Instructions to follow>
Set down exactly, from the records below, the line with "Mink Fur Socks" through the line with "Дом полностью оснащён", and nothing else.

Records contained in a dataset:
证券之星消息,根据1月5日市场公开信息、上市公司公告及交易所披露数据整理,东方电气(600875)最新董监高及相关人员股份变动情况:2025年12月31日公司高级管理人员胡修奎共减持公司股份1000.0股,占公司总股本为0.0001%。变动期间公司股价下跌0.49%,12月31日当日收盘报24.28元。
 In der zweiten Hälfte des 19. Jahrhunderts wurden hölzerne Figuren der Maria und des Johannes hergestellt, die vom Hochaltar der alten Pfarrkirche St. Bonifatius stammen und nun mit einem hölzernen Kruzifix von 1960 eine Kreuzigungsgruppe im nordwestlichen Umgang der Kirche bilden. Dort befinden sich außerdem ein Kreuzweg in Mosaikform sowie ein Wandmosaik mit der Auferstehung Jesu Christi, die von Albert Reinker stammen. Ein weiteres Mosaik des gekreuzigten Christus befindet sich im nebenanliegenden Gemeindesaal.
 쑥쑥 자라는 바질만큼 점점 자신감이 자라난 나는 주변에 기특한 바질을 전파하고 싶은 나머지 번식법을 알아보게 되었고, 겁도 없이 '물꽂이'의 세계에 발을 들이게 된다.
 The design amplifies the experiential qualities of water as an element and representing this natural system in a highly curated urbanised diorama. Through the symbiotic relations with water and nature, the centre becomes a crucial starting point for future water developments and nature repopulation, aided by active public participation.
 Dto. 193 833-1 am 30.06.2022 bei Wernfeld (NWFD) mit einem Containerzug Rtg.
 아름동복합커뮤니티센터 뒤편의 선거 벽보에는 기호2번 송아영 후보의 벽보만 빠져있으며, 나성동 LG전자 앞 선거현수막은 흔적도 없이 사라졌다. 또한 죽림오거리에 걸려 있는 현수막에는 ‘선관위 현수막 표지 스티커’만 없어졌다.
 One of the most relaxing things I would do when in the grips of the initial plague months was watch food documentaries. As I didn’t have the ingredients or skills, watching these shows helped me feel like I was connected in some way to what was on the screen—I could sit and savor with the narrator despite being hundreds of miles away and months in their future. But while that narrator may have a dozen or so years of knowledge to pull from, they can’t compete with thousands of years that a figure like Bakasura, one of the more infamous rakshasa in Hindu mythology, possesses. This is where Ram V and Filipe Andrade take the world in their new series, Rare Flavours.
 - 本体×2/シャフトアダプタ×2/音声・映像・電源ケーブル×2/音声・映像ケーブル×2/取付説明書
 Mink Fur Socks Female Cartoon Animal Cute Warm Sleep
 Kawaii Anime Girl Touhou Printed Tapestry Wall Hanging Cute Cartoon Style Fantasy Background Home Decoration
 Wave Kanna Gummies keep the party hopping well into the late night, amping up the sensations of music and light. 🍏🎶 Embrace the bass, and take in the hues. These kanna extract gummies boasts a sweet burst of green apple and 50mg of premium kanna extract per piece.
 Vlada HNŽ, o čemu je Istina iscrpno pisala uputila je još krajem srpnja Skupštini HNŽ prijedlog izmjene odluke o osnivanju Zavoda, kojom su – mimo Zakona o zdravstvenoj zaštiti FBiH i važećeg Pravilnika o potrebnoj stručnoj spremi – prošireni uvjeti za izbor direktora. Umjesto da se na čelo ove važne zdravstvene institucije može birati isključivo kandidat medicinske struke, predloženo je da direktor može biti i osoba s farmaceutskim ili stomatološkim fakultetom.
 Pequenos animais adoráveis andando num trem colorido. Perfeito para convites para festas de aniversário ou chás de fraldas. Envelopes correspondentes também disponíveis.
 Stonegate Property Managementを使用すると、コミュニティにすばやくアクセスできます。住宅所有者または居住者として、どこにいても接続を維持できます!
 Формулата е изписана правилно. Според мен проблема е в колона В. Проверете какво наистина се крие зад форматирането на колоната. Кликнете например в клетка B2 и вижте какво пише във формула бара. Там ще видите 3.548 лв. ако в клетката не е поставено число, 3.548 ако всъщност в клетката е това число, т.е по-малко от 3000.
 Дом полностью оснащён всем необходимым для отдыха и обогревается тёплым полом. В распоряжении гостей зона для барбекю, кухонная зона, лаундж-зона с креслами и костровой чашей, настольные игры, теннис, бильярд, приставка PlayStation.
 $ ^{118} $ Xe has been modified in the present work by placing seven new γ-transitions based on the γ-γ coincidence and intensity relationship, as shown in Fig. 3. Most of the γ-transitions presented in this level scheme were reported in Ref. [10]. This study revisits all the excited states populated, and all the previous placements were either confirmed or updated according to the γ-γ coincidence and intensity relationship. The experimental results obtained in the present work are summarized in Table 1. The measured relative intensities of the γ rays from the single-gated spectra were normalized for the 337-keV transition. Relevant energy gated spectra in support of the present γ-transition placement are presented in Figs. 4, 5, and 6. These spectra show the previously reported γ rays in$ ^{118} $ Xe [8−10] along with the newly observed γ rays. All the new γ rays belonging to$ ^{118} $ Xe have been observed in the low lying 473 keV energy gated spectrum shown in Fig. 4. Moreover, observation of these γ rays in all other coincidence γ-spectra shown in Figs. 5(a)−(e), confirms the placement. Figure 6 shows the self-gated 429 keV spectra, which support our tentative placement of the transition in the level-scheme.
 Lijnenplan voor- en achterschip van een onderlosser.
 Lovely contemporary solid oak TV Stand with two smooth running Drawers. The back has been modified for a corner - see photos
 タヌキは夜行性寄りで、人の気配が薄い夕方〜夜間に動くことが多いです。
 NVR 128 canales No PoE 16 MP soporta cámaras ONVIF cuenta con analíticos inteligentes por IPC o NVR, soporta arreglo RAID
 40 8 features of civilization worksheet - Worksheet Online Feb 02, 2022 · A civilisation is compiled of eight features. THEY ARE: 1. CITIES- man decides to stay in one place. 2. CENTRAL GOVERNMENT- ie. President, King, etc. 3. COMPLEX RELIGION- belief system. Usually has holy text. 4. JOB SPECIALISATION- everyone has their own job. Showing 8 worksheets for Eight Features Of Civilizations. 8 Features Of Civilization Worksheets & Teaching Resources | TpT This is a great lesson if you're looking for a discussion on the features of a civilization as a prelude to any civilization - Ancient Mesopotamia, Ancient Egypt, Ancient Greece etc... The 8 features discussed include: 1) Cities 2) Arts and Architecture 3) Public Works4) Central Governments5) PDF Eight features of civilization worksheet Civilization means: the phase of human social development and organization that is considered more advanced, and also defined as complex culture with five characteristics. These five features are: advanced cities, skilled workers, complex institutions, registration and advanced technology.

Response to this exercise>
 Mink Fur Socks Female Cartoon Animal Cute Warm Sleep
 Kawaii Anime Girl Touhou Printed Tapestry Wall Hanging Cute Cartoon Style Fantasy Background Home Decoration
 Wave Kanna Gummies keep the party hopping well into the late night, amping up the sensations of music and light. 🍏🎶 Embrace the bass, and take in the hues. These kanna extract gummies boasts a sweet burst of green apple and 50mg of premium kanna extract per piece.
 Vlada HNŽ, o čemu je Istina iscrpno pisala uputila je još krajem srpnja Skupštini HNŽ prijedlog izmjene odluke o osnivanju Zavoda, kojom su – mimo Zakona o zdravstvenoj zaštiti FBiH i važećeg Pravilnika o potrebnoj stručnoj spremi – prošireni uvjeti za izbor direktora. Umjesto da se na čelo ove važne zdravstvene institucije može birati isključivo kandidat medicinske struke, predloženo je da direktor može biti i osoba s farmaceutskim ili stomatološkim fakultetom.
 Pequenos animais adoráveis andando num trem colorido. Perfeito para convites para festas de aniversário ou chás de fraldas. Envelopes correspondentes também disponíveis.
 Stonegate Property Managementを使用すると、コミュニティにすばやくアクセスできます。住宅所有者または居住者として、どこにいても接続を維持できます!
 Формулата е изписана правилно. Според мен проблема е в колона В. Проверете какво наистина се крие зад форматирането на колоната. Кликнете например в клетка B2 и вижте какво пише във формула бара. Там ще видите 3.548 лв. ако в клетката не е поставено число, 3.548 ако всъщност в клетката е това число, т.е по-малко от 3000.
 Дом полностью оснащён всем необходимым для отдыха и обогревается тёплым полом. В распоряжении гостей зона для барбекю, кухонная зона, лаундж-зона с креслами и костровой чашей, настольные игры, теннис, бильярд, приставка PlayStation.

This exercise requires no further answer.